▸ **Input data**:
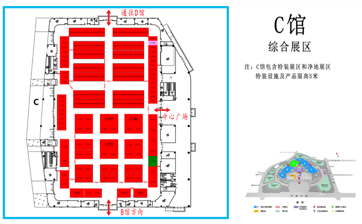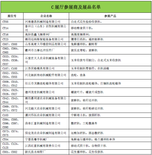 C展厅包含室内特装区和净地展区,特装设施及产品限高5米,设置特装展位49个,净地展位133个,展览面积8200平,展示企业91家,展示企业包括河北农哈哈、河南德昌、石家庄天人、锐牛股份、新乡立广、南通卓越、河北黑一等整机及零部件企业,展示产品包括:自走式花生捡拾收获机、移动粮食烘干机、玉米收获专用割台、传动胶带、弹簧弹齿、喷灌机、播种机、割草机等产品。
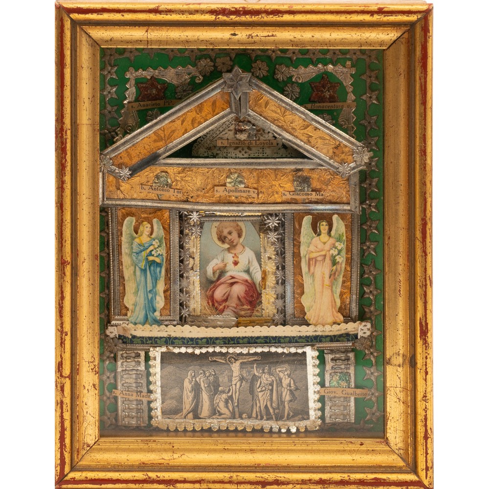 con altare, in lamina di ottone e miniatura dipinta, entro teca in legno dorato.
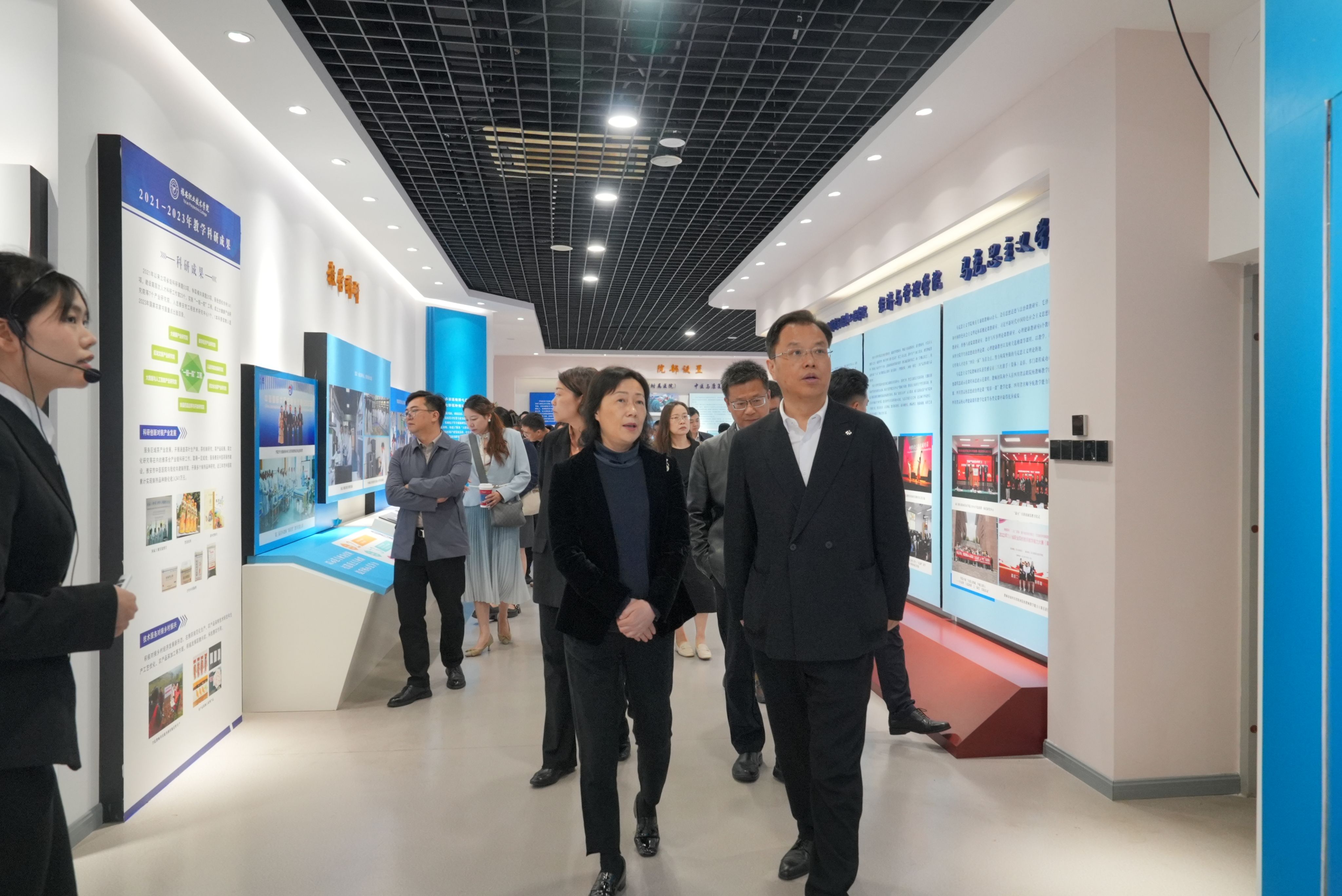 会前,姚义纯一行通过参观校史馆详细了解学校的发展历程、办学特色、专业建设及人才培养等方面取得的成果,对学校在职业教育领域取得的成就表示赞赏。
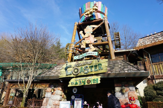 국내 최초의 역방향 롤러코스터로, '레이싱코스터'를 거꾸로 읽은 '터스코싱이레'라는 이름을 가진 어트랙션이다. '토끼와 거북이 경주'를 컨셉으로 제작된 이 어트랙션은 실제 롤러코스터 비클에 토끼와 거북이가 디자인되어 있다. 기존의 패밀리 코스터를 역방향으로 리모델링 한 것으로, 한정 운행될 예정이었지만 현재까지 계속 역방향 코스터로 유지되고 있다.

▸ **Try it**:
Only the pictures should be left out; the rest of the material above must be repeated exactly.

▸ **Result of this exercise**:
 C展厅包含室内特装区和净地展区,特装设施及产品限高5米,设置特装展位49个,净地展位133个,展览面积8200平,展示企业91家,展示企业包括河北农哈哈、河南德昌、石家庄天人、锐牛股份、新乡立广、南通卓越、河北黑一等整机及零部件企业,展示产品包括:自走式花生捡拾收获机、移动粮食烘干机、玉米收获专用割台、传动胶带、弹簧弹齿、喷灌机、播种机、割草机等产品。
 con altare, in lamina di ottone e miniatura dipinta, entro teca in legno dorato.
 会前,姚义纯一行通过参观校史馆详细了解学校的发展历程、办学特色、专业建设及人才培养等方面取得的成果,对学校在职业教育领域取得的成就表示赞赏。
 국내 최초의 역방향 롤러코스터로, '레이싱코스터'를 거꾸로 읽은 '터스코싱이레'라는 이름을 가진 어트랙션이다. '토끼와 거북이 경주'를 컨셉으로 제작된 이 어트랙션은 실제 롤러코스터 비클에 토끼와 거북이가 디자인되어 있다. 기존의 패밀리 코스터를 역방향으로 리모델링 한 것으로, 한정 운행될 예정이었지만 현재까지 계속 역방향 코스터로 유지되고 있다.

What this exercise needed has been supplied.